Sorry, I haven’t used SharedArrays in a long time.

Are you referring to the parentheses after the equal signs? ==(x) creates a function that checks for equality with x, so you do need the parentheses. Check out the documentation by typing

julia> ?==

It’s the same as writing v -> v==x.

The $ are there to avoid the problems with global variables in benchmarking. Check out the docs of BenchmarkTools here: https://github.com/JuliaCI/BenchmarkTools.jl/blob/master/doc/manual.md#interpolating-values-into-benchmark-expressions

1 Like

Are the problems with global variables only there when benchmarking? I mean why is the problem not present when just running the code without benchmarking anything? Shouldn’t this be the relevant case to test?

It’s the same problem also outside of benchmarking. You should avoid non-constant global variables, for example by wrapping your code in functions.
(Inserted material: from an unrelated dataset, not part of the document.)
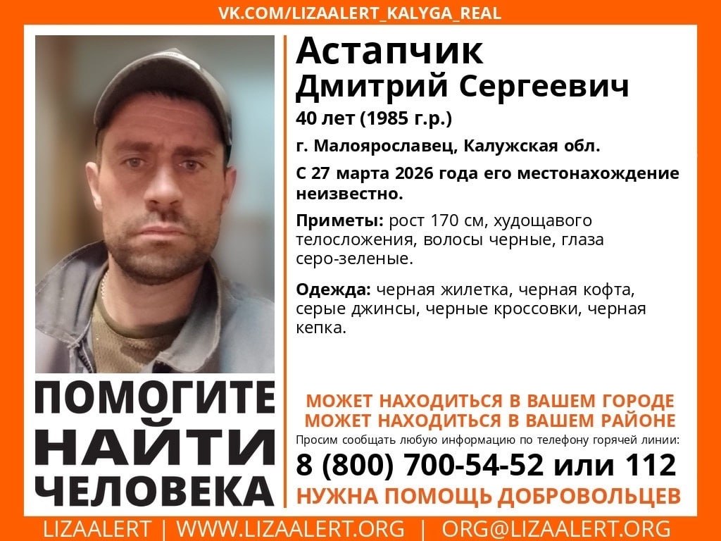 Пропал 40-летний Дмитрий Астапчик из города Малоярославец. Его поисками занимается калужский поисково-спасательный отряд «ЛизаАлерт». О местонахождении пропавшего неизвестно с 27 марта.

It can be relevant to measure how long it takes to run some code on globals from the command line. But mostly, code snippets like any(==(Ds[i]), p), will be called numerous times from inside some other piece of code, somewhere in a function, and you want to know how long it will under those circumstances. When you run code interactively from the command line, it doesn’t much matter if it takes 1.4 μs or 4 ns.

1 Like

Just to understand it right: So when calling any(==(Ds[i]),P) inside a for loop, the variables Ds[i] and P do not need a prefix $, because they are not globals? But P and Ds are globally defined?! I’m confused.
Why are globals so slow?

Inside a function, not a loop. And this way of using $ for variable interpolation is specific to the BenchmarkTools package.

The problem is with non-const globals, because the compiler cannot be sure about their types and has to produce code that can handle any type.

Take a look at the performance tips in the manual, it’s highly informative: Performance Tips · The Julia Language

1 Like

Thanks for the link.

So when Ds and P are constants why do they need a $prefix in benchmarking, wasn’t it only for non-constant globals?

Lets say the array P contains values from a function p(n) with n=1…N. Is it possible to call something like
any(==(Ds[i]),p) with the function p?

Yeah, it’s not necessary for const variables. That’s why it’s not necessary to interpolate in the the function names, such as any, ==, findall etc.

You could write

any(n -> p(n)==Ds[i], 1:N)

hm yeah, but that is actually slower.

How do I check if P or Ds are global or constant?

Should I always prefix any array with “const” ?

Slower than what? Than using an already pre-computed array of the values p(n)? I would expect so. Depends on how expensive the function evaluations are, but it’s likely to be more expensive than a simple array lookup.

Yes, but you said I should use functions and no global variables, thats why I tried.